Rafael Ledesma Jalandoni (October 24, 1894 – ?) was a Philippine Constabulary officer who served as the 3rd Chief of Staff of the Armed Forces of the Philippines. He was appointed by President Manuel Roxas in 1946 after gaining independence from United States. He retired in 1948.

==Early life==
Jalandoni was born in Pontevedra, Negros Occidental to Manuel Jalandoni and Paula Ledesma. He commanded the 3rd PC Regiment in Mindanao and later served as an aide of President Manuel L. Quezon. He was in command of the PC Department of Central Luzon at the start of the Pacific War in 1941.

== World War II ==
He served during World War II fighting Japanese forces in Southern Luzon and Bataan. He commanded the 3th Infantry (PC) Regiment of the 2nd Regular Division activated in Bataan under the command of MGen. Guillermo Francisco, the concurrent chief of the Philippine Constabulary. He was a POW when the Luzon Force surrendered on April 9, 1942. He endured the Bataan Death March and was imprisoned at Capas Internment Camp. He was released in August of that year along with all Filipino soldiers.

== Post-war and later career ==
After the war, on December 18, 1945, Jalandoni, then Army Deputy Chief of Staff, was promoted by Commonwealth President Sergio Osmeña from vice brigadier-general to brigadier-general, and was appointed as Chief of Staff, replacing Basilio Valdes; effective on December 21. By 1946, Jalandoni became a major general.
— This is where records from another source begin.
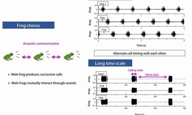 在觀察到的青蛙三重奏中,有時還會在集體沉默和合唱之間交替出現(xiàn)。避免重疊是一致的(確定性的),而后面的集體召集則更具多樣性(隨機(jī)的)。該模式的另一個實(shí)用工具是它如何巧妙地使青蛙從它們的呼喚中休息,這需要大量的能量。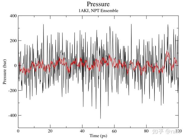 前一步的NVT平衡稳定了体系的温度. 在采集数据之前我们还需要稳定体系的压力(因此还包括密度)。压力平衡是在NPT系综下进行的其中粒子数压力和温度都保持不变。这个系综也被称为等温等压系综最接近实验条件。100 ps NPT平衡的命令如下: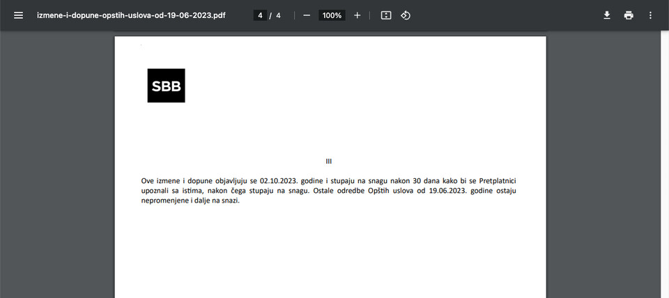 Sada, ponovo imamo situaciju da je SBB objavio dokument "Izmene i dopune opštih uslova od 19.06.2023.", u kojem se na poslednjoj strani nalazi tekst:
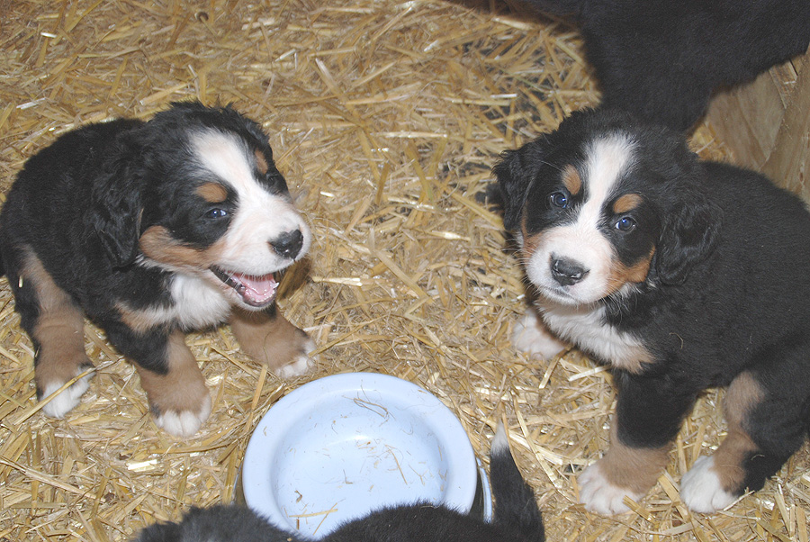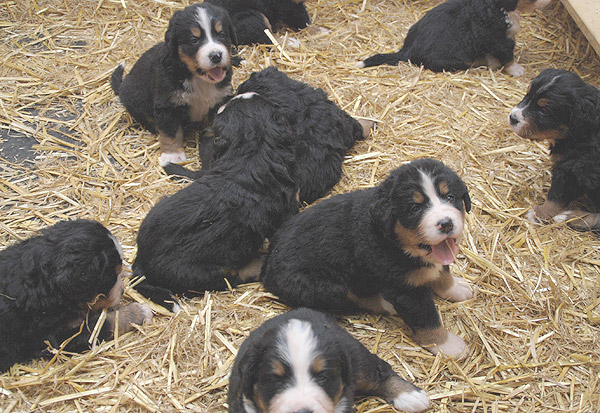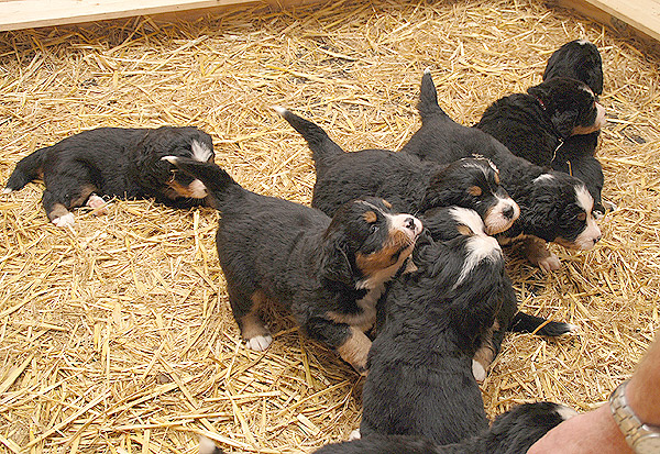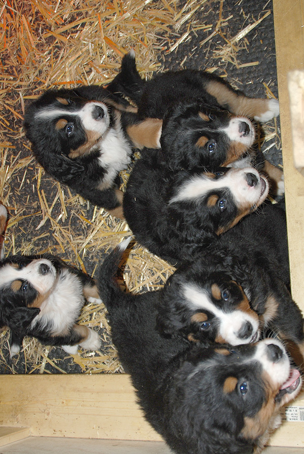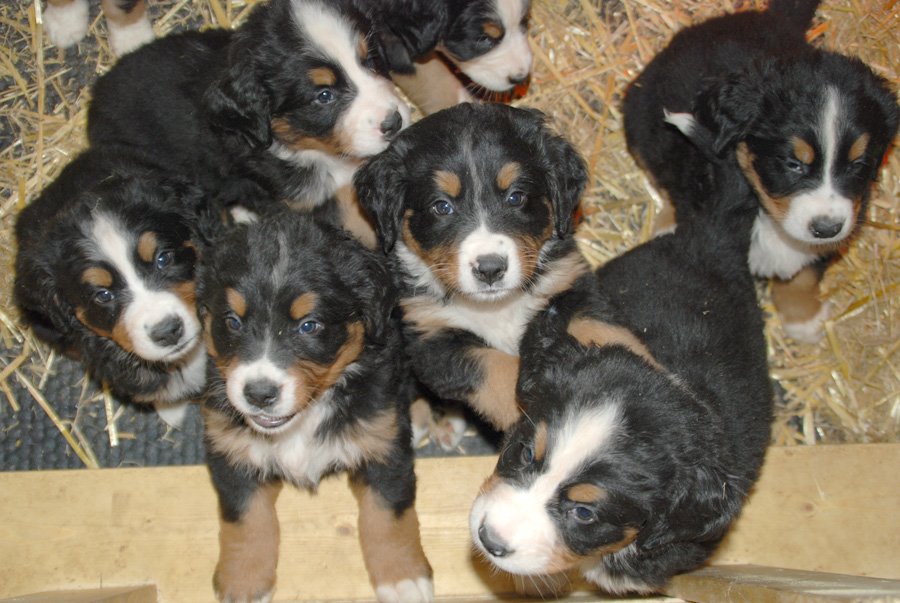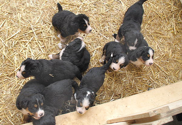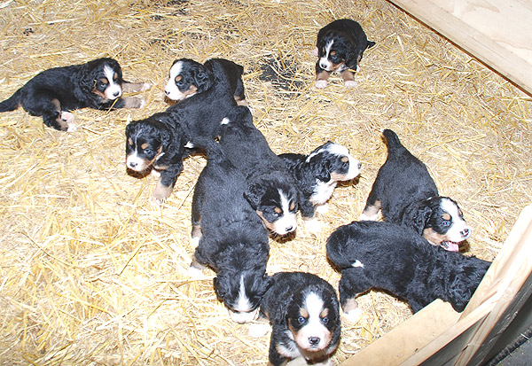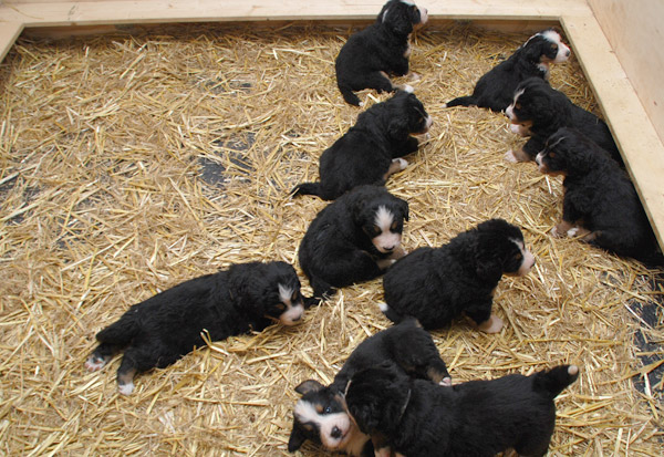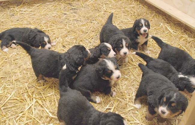 Oben: unser Wurf nach 4 Wochen <- Hier links: Unser Wurf nach 6 Wochen 10 gesunde Welpen - 8 Hündinnnen und 2 Rüden. 9 dieser Welpen werden abgegeben. Besichtigung ist jederzeit nach telefonischer Vereinbarung möglich.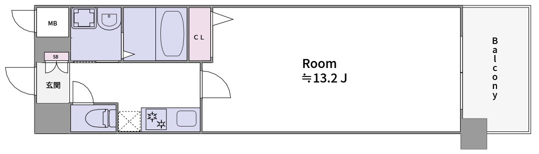 【1Kの常識を超える13.2帖の大空間】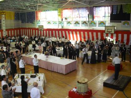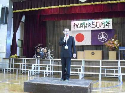盛り上がった祝賀会も、お開きの時を迎えます。宮田周年実行委員会副委員長(同窓会準備会事務局長)の閉会の言葉で名残惜しくも、お開きになりました。この祝賀会は司会の甲斐PTA周年委員会委員長をはじめPTA周年委員会の皆様、PTAボランティアの皆様が、本当にお力を注いでくださった結晶です。素晴らしい会になりました。ありがとうございます。そして、中谷周年実行委員会副委員長、西村PTA会長が全体を常に引っ張ってきてくれた賜です。まさに、砧の町ぐるみで山野小学校開校50周年記念式典・祝賀会を支えてくれました。本当にありがとうございました。素晴らしい1日になりました。

During his tenure, in 1947, the military was reorganized; mainly in line with the "Government Reorganization Plan" issued by President Manuel Roxas in October. Later that month, Jalandoni issued General Orders No. 228, renaming the designation Army of the Philippines to Armed Forces of the Philippines (AFP); effectively placing him as its Chief of Staff. Jalandoni was replaced by Mariano Castañeda on December 16, 1948.

On April 28, 1949, Jalandoni accompanied former first Lady Aurora Quezon, widow of former President Manuel L. Quezon on her way to the town of Baler, together with her daughter Maria Aurora (Baby) Quezon, son-in-law Felipe Buencamino III, and grandson to unveil a marker in memory of her late husband. In Bongabon, Nueva Ecija, their vehicle was ambushed by Hukbalahap rebels, leaving Jalandoni as the only survivor after he was knocked unconscious when he was hit in the head by a pistol butt.

In early 1950, Jalandoni was appointed mayor of Iloilo City; serving until 1952.